The already powerful Basque regional government would gain further powers, and the Basque court system would be largely separated from the Spanish one.

The plan would give the Basque regional government the right to call referendums, opening the door to a possible future vote on independence, while removing a Spanish government right to suspend the regional government's powers[3]

Possible scenarios

The Spanish Government, led by the Socialist Party premier Rodriguez Zapatero, and leading academics viewed the Ibarretxe Plan as being contrary to the Spanish Constitution, this view was shared by the main opposition party Partido Popular.

It has been argued that other states of the EU would disagree with such a move, as many have separatist parties (such as in Corsica in France, Scotland and Northern Ireland in the UK, etc) that would gain renewed strength in the light of a successful secession.

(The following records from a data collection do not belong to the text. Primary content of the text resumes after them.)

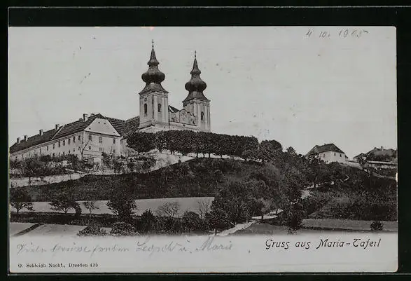 AK Maria Taferl, Doppelturm-Kirche mit Anlage
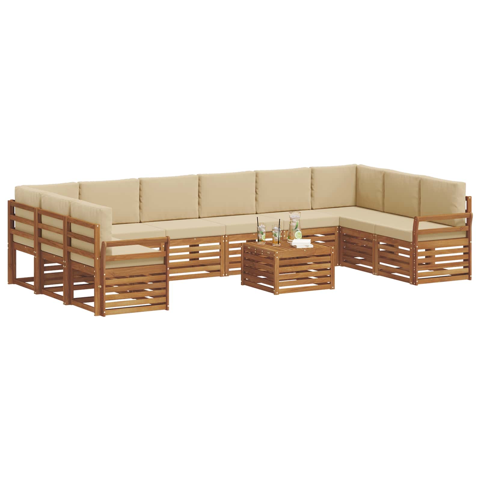 Seturi de canapele 11 pcs Natural și Bej Lemn Solid de Acacia GartenMobel Dekor
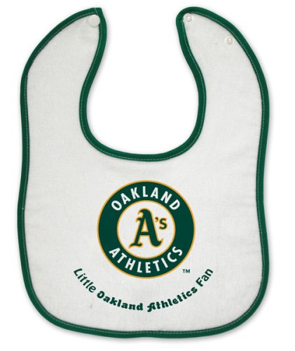 Oakland Athletics A's Baby Bib. Licensed MLB Baby Bib with Team Color Trim. 86% Cotton, 14% Polyester. Adjustable Snap. Washable, Tumble Dry.
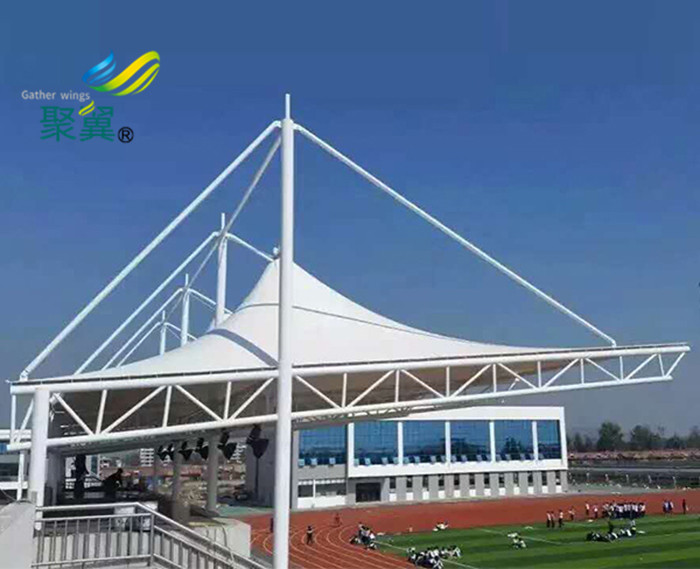 操場看臺膜結構頂棚|體育場張拉膜罩棚|運動場看臺雨篷
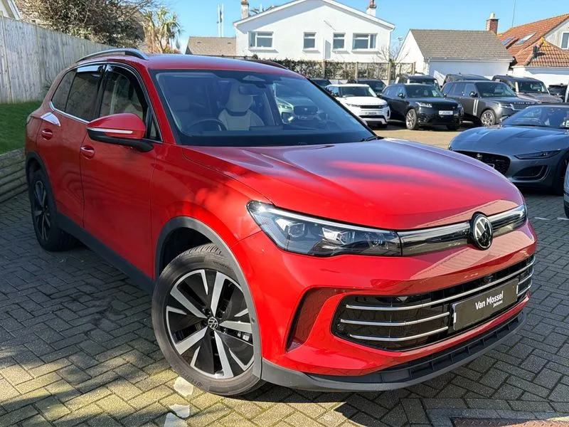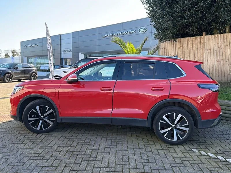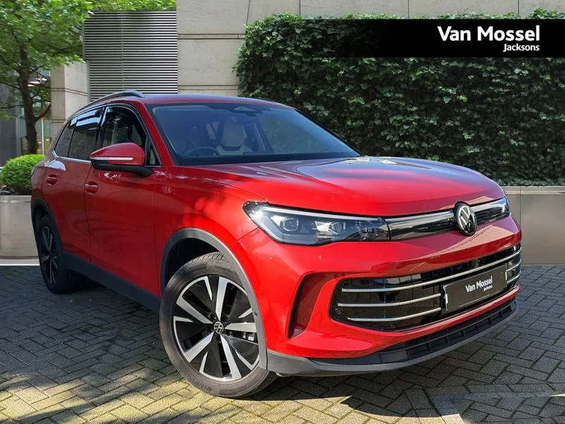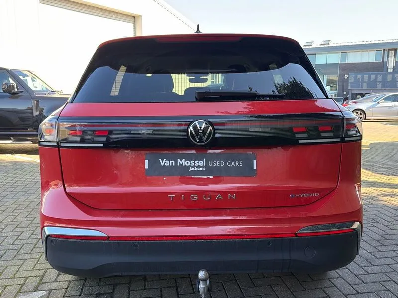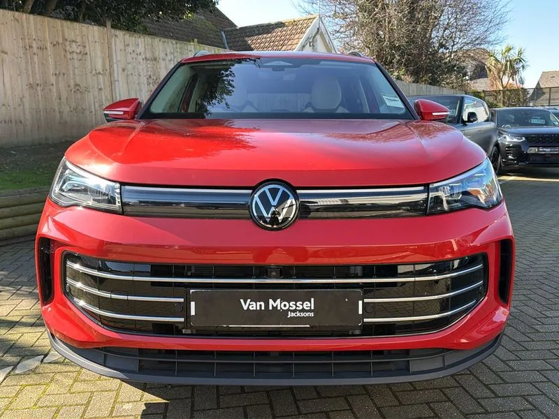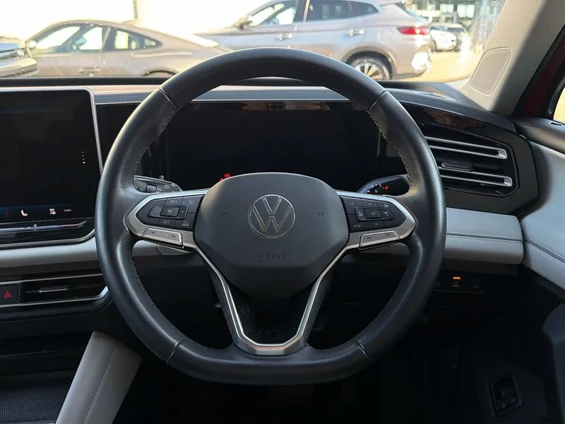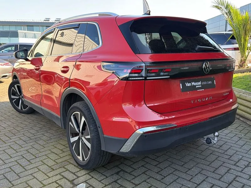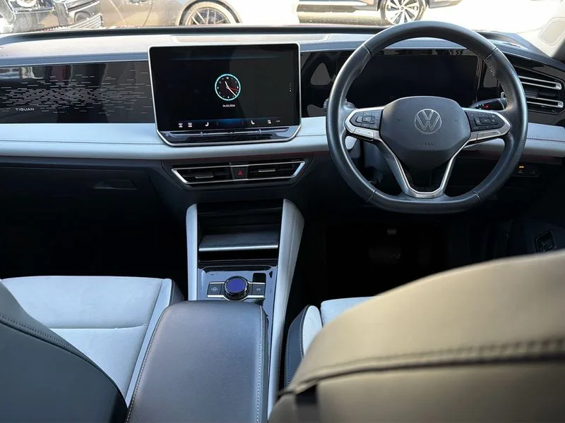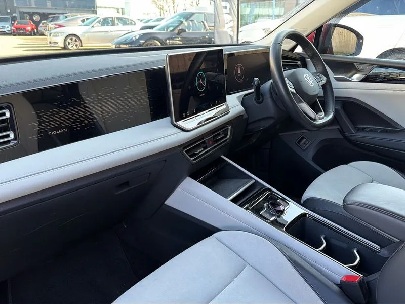 • Adaptive cruise control (ACC) • Advanced driver attention and drowsiness monitor • Bluetooth mobile phone interface • Car2X technology • Comfort drive travel assist, lane keeping system, lane assist and emergency assist • Digital Cockpit Pro - 10.25" high resolution dash display screen with customisable menus and information • Dynamic road sign display • E-Sim card for online connectivity • eCall emergency call service • Front Assist - Autonomous emergency braking with pedestrian and cyclist monitoring • Lane change system, Side assist, Rear traffic alert and Exit warning system • Multifunction front facing camera • Oncoming vehicle braking when turning including swerve support • Park assist pro with park distance control (Remote park assist) • Power assisted steering with speed sensitive • Start/stop system with regenerative braking • Warning signal and warning light for front and rear seatbelts not fastened • Wireless App-Connect • Digital radio reception (DAB) • Diversity antenna for FM reception • Air intake with Chrome trim • Ambient lighting with logo projection • Auto dimming interior rear view mirror • Automatic headlight control system • Body colored bumpers in R-Line style • Body coloured door handles • Body-coloured exterior mirror housings • Chrome moldings on the side windows • Coming/leaving home lighting function • Heat insulating glass in side and rear windows • Heated rear window • Heated windscreen washer jets • High level 3rd brake light • Illuminated door handle recesses • Illuminated lightline between headlamps • Laminated safety glass from B-pillar backwards 90% tinted • Laminated safety glass windshield • LED Day time running light • Rain sensor windscreen wipers • Rear fog light on one side, reversing light on both sides • Rear side wing doors • Rear wiper • Silver roof rails • 12V outlet in center console rear and in luggage compartment • 12V socket in centre console • 3 bench rear seats in 2nd row • Air care climatronic 3 zone air conditioning system with rear air conditioning control panel • Carpet mats, front and rear • Centre console with illuminated storage compartment with sliding cover and two drinks holders • Ceramique headlining • Chrome elements on the mirror switch and power window switches and door pulls • Door and side trim panel with leatherette insert • Door sill protectors • Front centre armrest • Interior ambient lighting with 30 colour options • ISOFIX anchors for child seats on outer rear seats and front passenger seat compatible with i-Size • Mechanical rear seat release • Power adjustable lumbar support in front • Rear bench seat, split folding, longitudinally movable and folding with load-through hatch and centre armrest • Safety optimised front head restraints • Single front passenger seat • Sports comfort seats in front • Sun visors with illuminated vanity mirrors • Three rear head restraints • Variable luggage compartment floor • Adaptive chassis control DCC pro includes driving mode selection • Charging cable Mode 3 Type 2 / 3 (16A) • Front shock absorption • Front wheel drive • Rear shock absorption • Comfort package with park assist plus and Safelock - Tiguan • Driver assistance package - Tiguan • 3 point seat belt for centre rear seats • 3 Point seat belts in front with pretensioners • 3 point seatbelts in outer rear with ECE label • Driver and front passenger airbag with front passenger airbag deactivation • Electronic parking brake with auto hold • Front and rear curtain airbags • Front and rear side airbags • Front centre airbag • Front disc brakes • Hill start assist • Manual child proof rear door locks • Rear disc brakes • Two tone horn • Warning triangle • Decorative inserts Cross in dash and front door panels • Interior door handle in matte chrome • Soul instrument panel • Tyre mobility kit including compressor and sealing foam
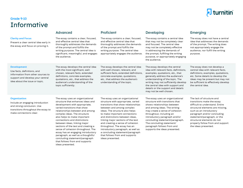 Offer 9th-10th Grade students a structure for informative writing with this standards-aligned rubric developed by educators for Feedback Studio.

Spanish reasoning is that, in the event that the plan leads to a rupture between the Basque Country and the rest of Spain, not only would the region disassociate itself from Spain, it would also disassociate itself from the European Union (EU). It would happen in such a way that the Basque Country would only be able to re-enter the EU after a negotiation process, which is not simple and would take into account the fact that any member state of the Union, including Spain, has the veto right.

Subsequent proposals

Two years after the proposal was discarded, Ibarretxe proposed a similar initiative under a referendum-like vote.